Abstract
The texts of the lifetime quartos of Shakespeareʼs Hamlet and the first posthumous folio of 1623 differ significantly. Their analysis and comparisons underlies the researchers’ assumptions and hypotheses about the “authorʼs” manuscripts, “foul papers”, prompt-books, “pirated” editions, the specifics of authorʼs vocabulary, spelling and punctuation, different kinds of emendations: typists’ errors and negligence, “authorʼs” edits, justified and unjustified interventions of editors, etc. But above all they determine our idea of Shakespeareʼs worldview, the laws of life and culture of his time, often relevant today.
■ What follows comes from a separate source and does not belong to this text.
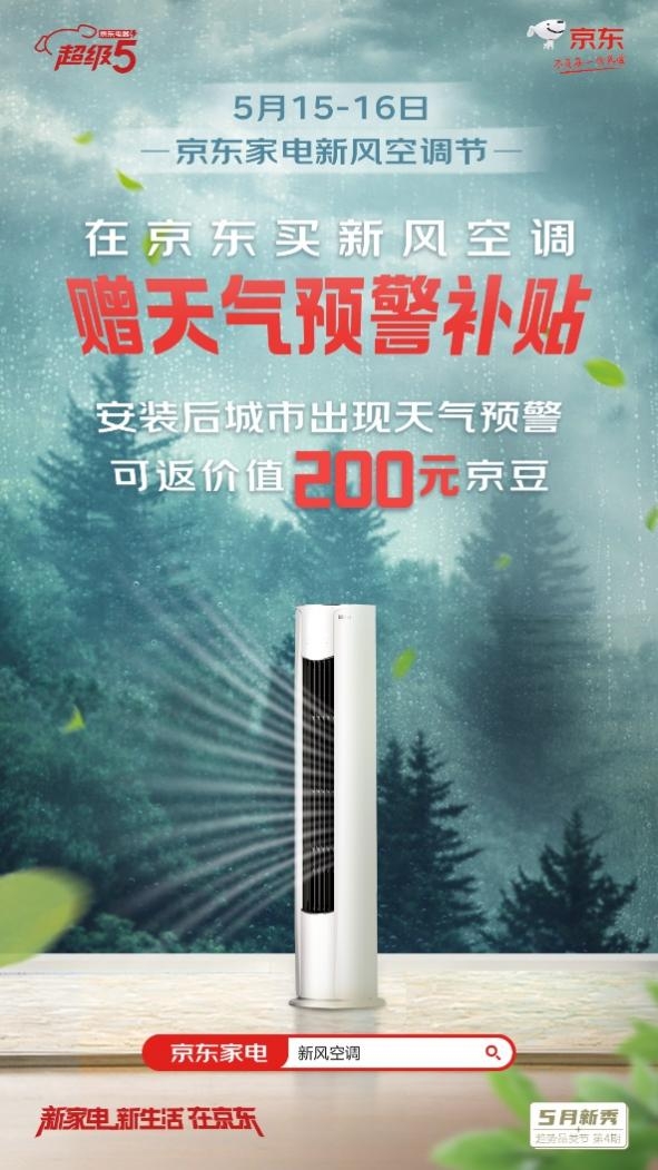 5月15-16日,京东家电新风空调节火热开启,并上线“天气预警补贴”,用户在京东购买指定型号新风空调后,安装城市若遇到天气预警,即可返价值200元京豆。此外,也不用担心空调焕新麻烦,京东家电针对空调产品自建了品类专属导购,一对一帮助用户解决空调选购难题,免费上门、免费拆机、免费搬运三免服务帮助用户解决售后问题,今年更是升级了“以旧换新”服务,仅需几秒就能在APP上完成一口价以旧换新,享受专属旧机补贴。这个夏天,就用一台新风空调焕新你的美好生活吧。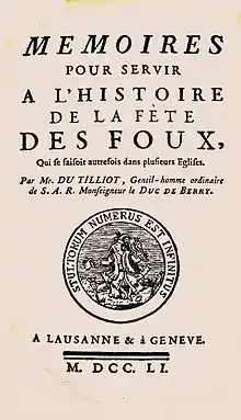 La fête des Fous, ou fête des Innocents, était une mascarade, organisée en principe les 26, 27 et , à laquelle les ecclésiastiques participaient activement. Organisée par le clergé en Europe et attestée dans beaucoup de villes du Nord de la France dès le XIIe siècle, cette pratique s'est étendue du clergé dans la rue, favorisant la création de troupes d'écoliers dans les collèges et de basochiens dans les milieux juridiques, et perdure jusqu'au XVIIe siècle. Dérivées des Saturnales romaines, ces fêtes paillardes sont reliées aux traditions populaires rurales par les folkloristes à la fin du XIXe siècle, et les historiens voient dans ces parodies liturgiques une des origines médiévales du théâtre[2].

In modern editions two discrepancies we examined are usually reproduced not from the good quarto of 1604 (Q2, left), but according to the First folio version (F1, right): sanctity – sanitie (II, 2, 207); gamgiuing – gain-giuing (V, 2, 194). Russian translations are also made from it.
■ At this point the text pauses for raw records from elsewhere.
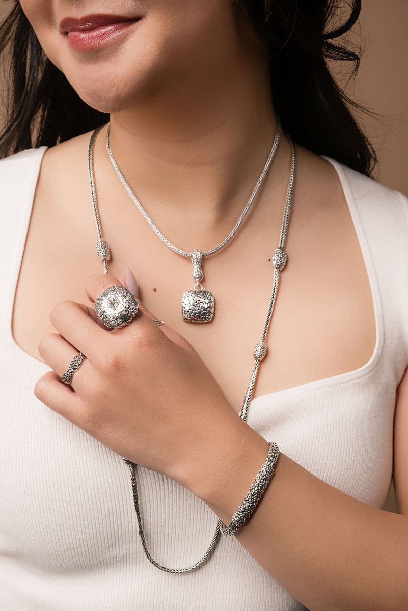 Because of the nature of SARDA’s individually handcrafted sterling silver jewelry, silver weights are approximate and may have slight variances from the listed silver weight description. No two pieces are identical as our jewelry is handmade and finished.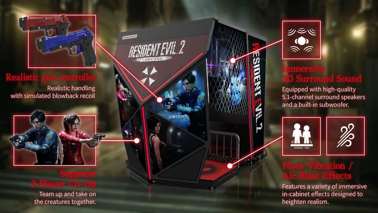 The state-of-the-art cabinet will include all the contemporary bells-and-whistles, including 3D audio, floor vibration, and air blasts. Combined with cutting-edge lightguns, these promise to bring the immersion of the Raccoon City Police Department to life.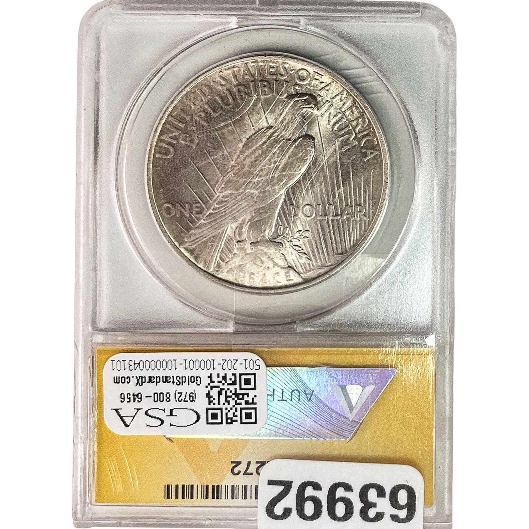 COINS AND CURRENCY LISTED IN GSA’S CATALOG AS GRADED AND ENCAPSULATED BY PCGS, NGC, ANACS, ICG, PCGS CURRENCY, PMG, PCGS BANKNOTE GRADING, CMC OR ANY OTHER THIRD-PARTY GRADING SERVICE ARE LIKEWISE SOLD “AS-IS” EXCEPT AS EXPRESSLY SET FORTH HEREIN. ALL THIRD-PARTY GRADING SERVICE GUARANTEES, INCLUDING AUTHENTICITY, ARE THE SOLE RESPONSIBILITY OF THE THIRD-PARTY GRADING SERVICE AND NOT WARRANTIES OR GUARANTEES OF GSA. BIDDERS SHOULD CONTACT THESE THIRD-PARTY GRADING SERVICES DIRECTLY WITH RESPECT TO ANY CLAIMS OR QUESTIONS THEY MAY HAVE CONCERNING THEIR GUARANTEES AND WARRANTIES. BIDDERS ACKNOWLEDGE AND AGREE THAT AUCTIONEER IS NOT BOUND BY OR LIABLE FOR ANY OPINION OR CERTIFICATION BY ANY THIRD-PARTY GRADING SERVICE. REMOVAL OF A PRODUCT FROM ITS PROTECTIVE CASING OR HOLDER OR ALTERATION OF ANY COIN HOLDER WAIVES ALL RIGHTS CONCERNING THE PRODUCT CONTAINED THEREIN.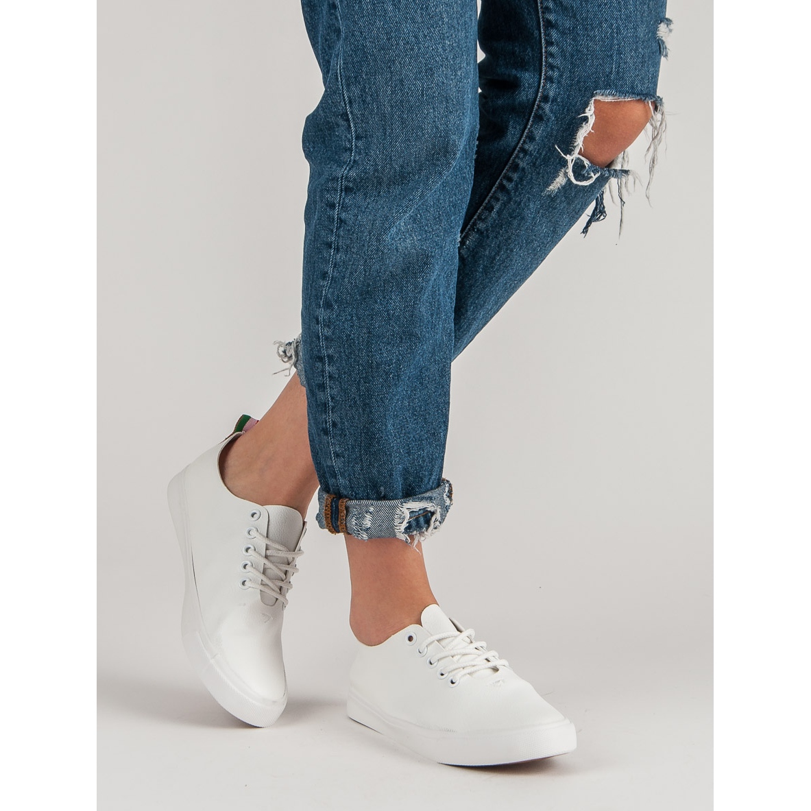 Las zapatillas blancas con cordones son una opción perfecta para toda mujer de moda que valora la comodidad y el estilo. Estos zapatos ligeros y aireados encajan perfectamente en el ambiente juvenil y su diseño sencillo los hace combinar perfectamente con varios estilos, especialmente con jeans.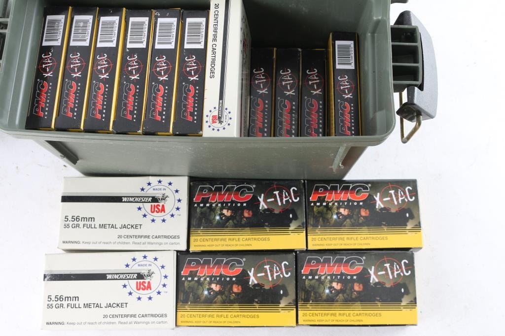 Approx. 480 rounds of new 5.56 ammunition, from PMC & Winchester, new in factory boxes. All in Plastic ammo can.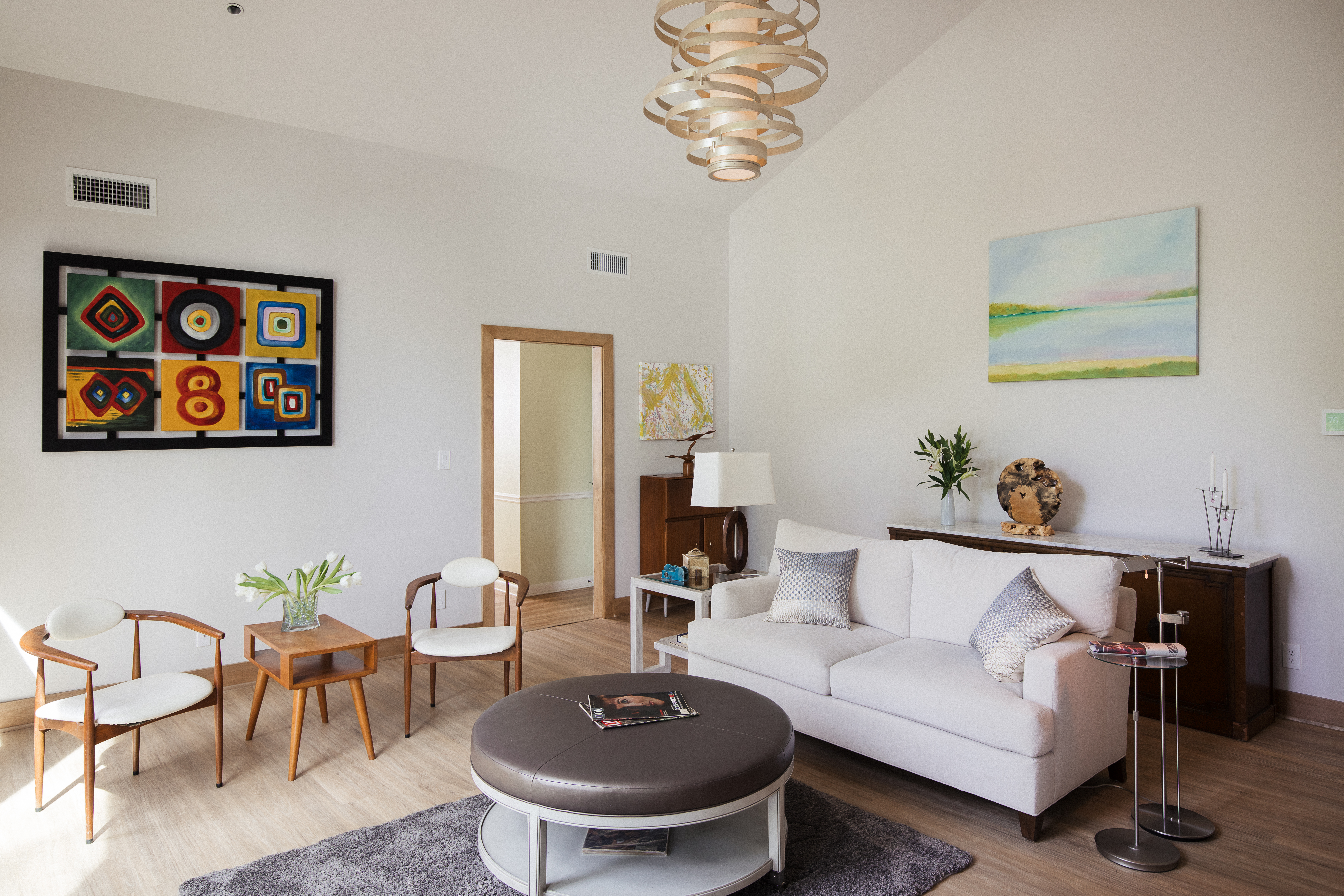 - Before: there was a large, heavy chandelier in the middle of the room that provided inadequate lighting and aggravated the structural issues.

A comparative study of the text and the context of these passages led us to the following conclusions. In both cases preference should be given to the “true and perfect” text of the Second quarto (Q2) and proceed from it in reprints and new translations of Hamlet. In scholarly editions of the play both places need detailed commentary, which is important for Shakespearean studies. Gamgiuing requires a correction to gaming with justification of the probable cause of the typo. Both words explain the development of the complex motive of game and gaming in the play, and specifically Hamlet’s attitude towards the game: his penchant for wise play with words and meanings, considered as “madness” by “carnal” men (1Cor 2: 12–15), and his rejection of gambling in the logic of Roger Ascham’s treatise Toxophilus (1545).